Keywords: neuromorphic hardware, benchmarking, minimal simulation, adaptive control, neural networks

1. Introduction

Neuromorphic hardware holds great promise for a wide variety of applications. The combination of massively parallel computation and low power consumption means that there is the potential to have complex algorithms running in embedded processing situations, without being a significant drain on available energy. A crucial challenge is to identify what sort of always-on or interactive functionality can best exploit these devices.

To evaluate applications of neuromorphic hardware, we need benchmark tasks. These tasks must allow us to compare across different instances of neuromorphic hardware (and potentially across different algorithms implemented in that hardware). Good benchmarks will allow us to quantitatively compare systems, letting researchers both measure the progress in the field, and also directly compare competing approaches.

In this paper, we focus on the development of closed-loop benchmarks. These are dynamic tasks where the output of the neuromorphic hardware influences its own future input through some environment. This is in contrast to standard categorization or pattern identification tasks, where the input is some fixed sequence and the hardware must produce the correct output for each input (or input pattern).

We believe closed-loop benchmarks should be of particular interest to neuromorphic research, given that the most compelling applications of neuromorphic hardware are likely to be in this domain of embedded and interactive control of robotic or other physical systems. However, the closed loop itself raises a number of issues that complicate the development of such benchmarks. Rather than simply providing a data file of inputs and desired outputs, the benchmark must either specify a full physical system to be controlled, or it must provide software for a simulation of that system. As we discuss below, both approaches are problematic. Describing a method for overcoming these shortcomings is the primary goal of this paper.

2. Closed-loop benchmarks

A closed-loop benchmark task is one where the system we are studying has a two-way interaction with some sort of environment. That is, the outputs from the neuromorphic hardware are sent to the environment where they cause an effect, the results of which change the subsequent input. For example, the outputs might control the movement of a robot, which in turn affects the sensory data received by the robot.

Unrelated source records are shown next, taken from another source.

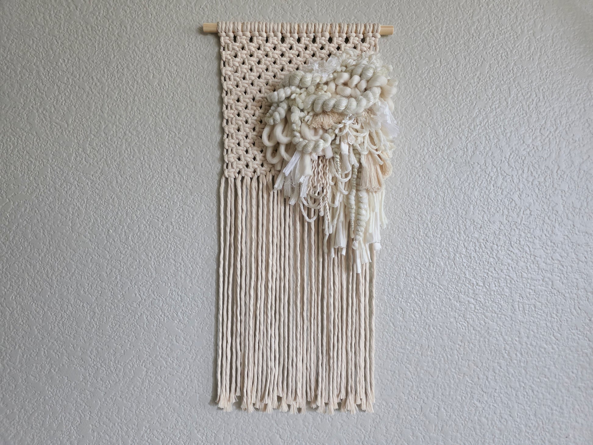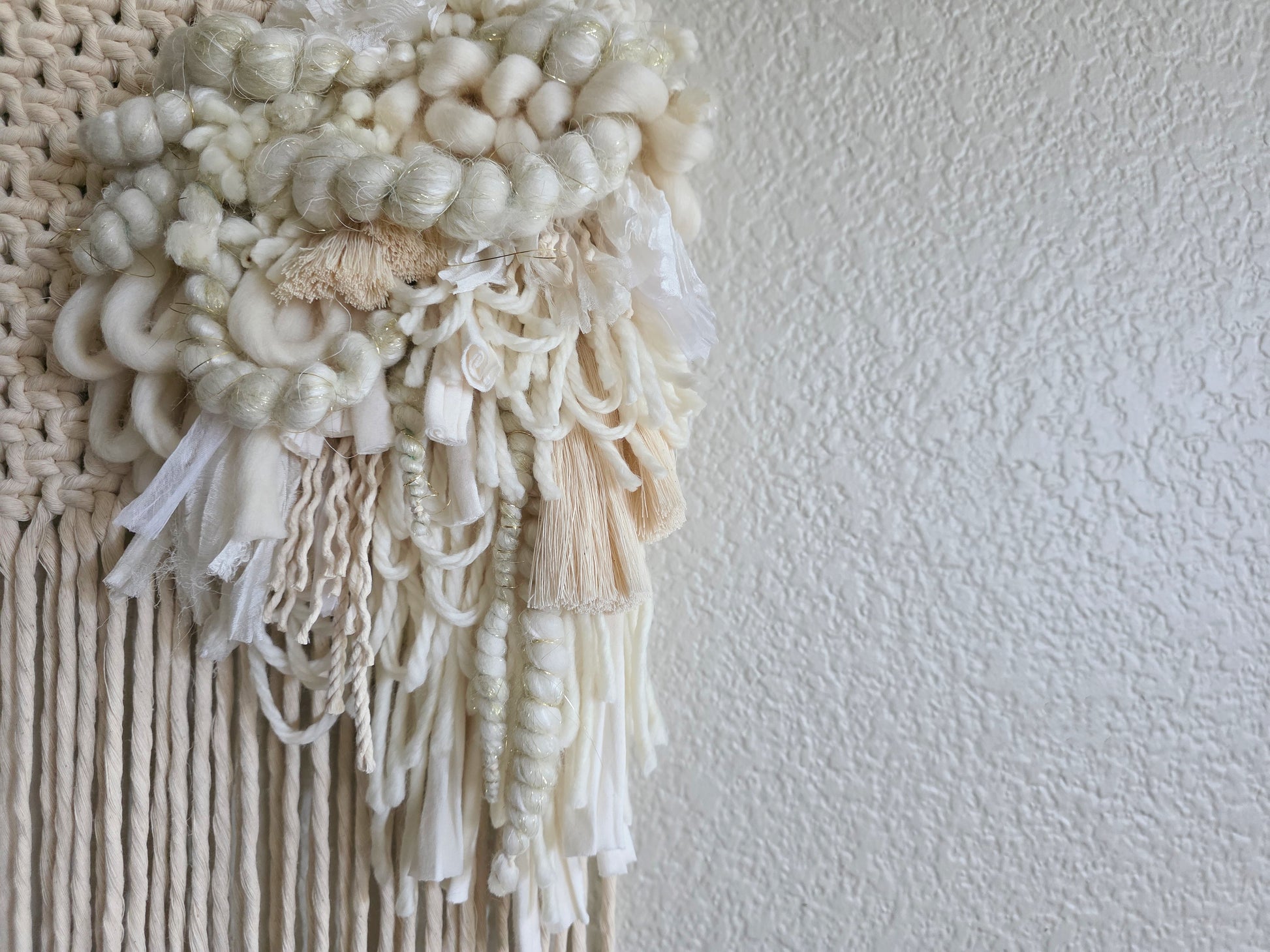 Day Twelve of my 12 Days of Weaving challenge is this pretty macraweave, made with a gorgeous monochromatic neutral palette. This piece is made using hand dyed and hand spun wool yarns, silk and velvet ribbons, and cotton cord, sourced from other female owned small businesses.
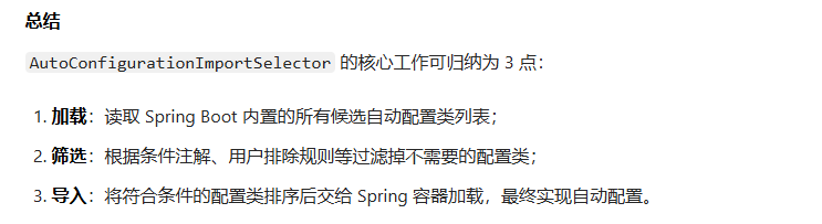 AutoConfigurationlmportSelector是 Spring Boot中一个重要的类,它实现了ImportSelector接口, 核心使命是按照特定规则筛选并导入符合条件的自动配置类**,让 Spring Boot 能 "自动" 完成大量配置工作,无需开发者手动编写 XML 或 Java 配置。
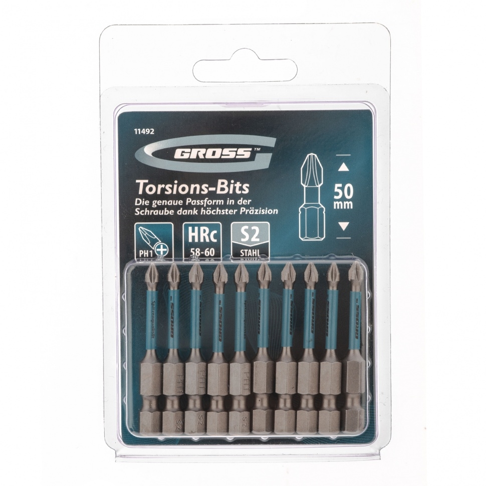 Торсионные биты PH1x50 мм Gross арт. 11492 предназначены для монтажа и демонтажа резьбовых соединений с помощью ударного шуруповерта. Они незаменим в строительных, слесарных и монтажных работах, в автосервисах, при проведении ремонта в доме и т.д. Торсионная зона способна пружинить, за счет чего она частично амортизирует тангенциальный удар от шуруповерта. Такое решение позволяет равномерно распределить нагрузку по бите и избежать поломки шлица. Торсионная зона позволяет работать ударным шуруповертом даже с особо твердыми поверхностями без риска поломки бит. Высококачественный материал изготовления — японская легированная сталь S2 обеспечивает устойчивость бит к износу и увеличивает их ресурс. Закалка до твердости 58-60 HRC повысила прочность и сопротивляемость бит к деформации. Шлицы бит намагничены, поэтому крепеж не выпадет, а свободной рукой мастер сможет придерживать закрепляемый материал. Синее кольцо с логотипом ТМ Gross гарантирует защиту оснастки от подделок.

2.1. Simulation vs. physical instantiation

To define a closed-loop benchmark, we need to be explicit about the interaction with the environment. If a robot is to be controlled, we need to specify all of the details of that robot. What motors does it have? How are they configured? How strong are they? What sensors are there? Where are they placed? How accurate are they? However, even if these questions are answered, there is a fundamental problem in that other researchers need access to that exact robot. If a benchmark is to be widely used, other researchers developing their own neuromorphic hardware should be able to do their own testing on the same benchmark system.

Furthermore, using a physical robot imposes significant practical difficulties when performing extensive benchmark testing. When testing, we often want to run the same task over and over again, both for robustness and to see the effects of varying parameters. With a physical robot, this means manually setting up the task, letting the test run, gathering the resulting data, and then resetting the robot back to the initial state. Consequently, issues like battery life become problematic, and not just because there is a limited amount of time available for testing. As the battery level changes, the performance of the robot itself can also change. Futhermore, for any rigorous testing of the benchmark, we will want to examine situations where the system fails. This means that some of the testing will involve parameter settings that lead to poor behavior, which might have the undesirable result of causing physical damage.

However, not using a real physical embodiment for testing is also problematic. First and foremost, without an actual real-world task, why should we have any confidence that the performance on the benchmark is reflective of the actual usefulness of the neuromorphic hardware? It is widely known that simulations of robots (or other physical systems) are often much easier to control and better-behaved than the real thing (see Jakobi et al., 1995; Koos et al., 2013). The field of robotics is filled with algorithms that work well “in theory,” but fail when run on actual hardware. We do not want a benchmark that falls into this trap, giving high scores to hardware that does not turn out to function well when deployed in real situations.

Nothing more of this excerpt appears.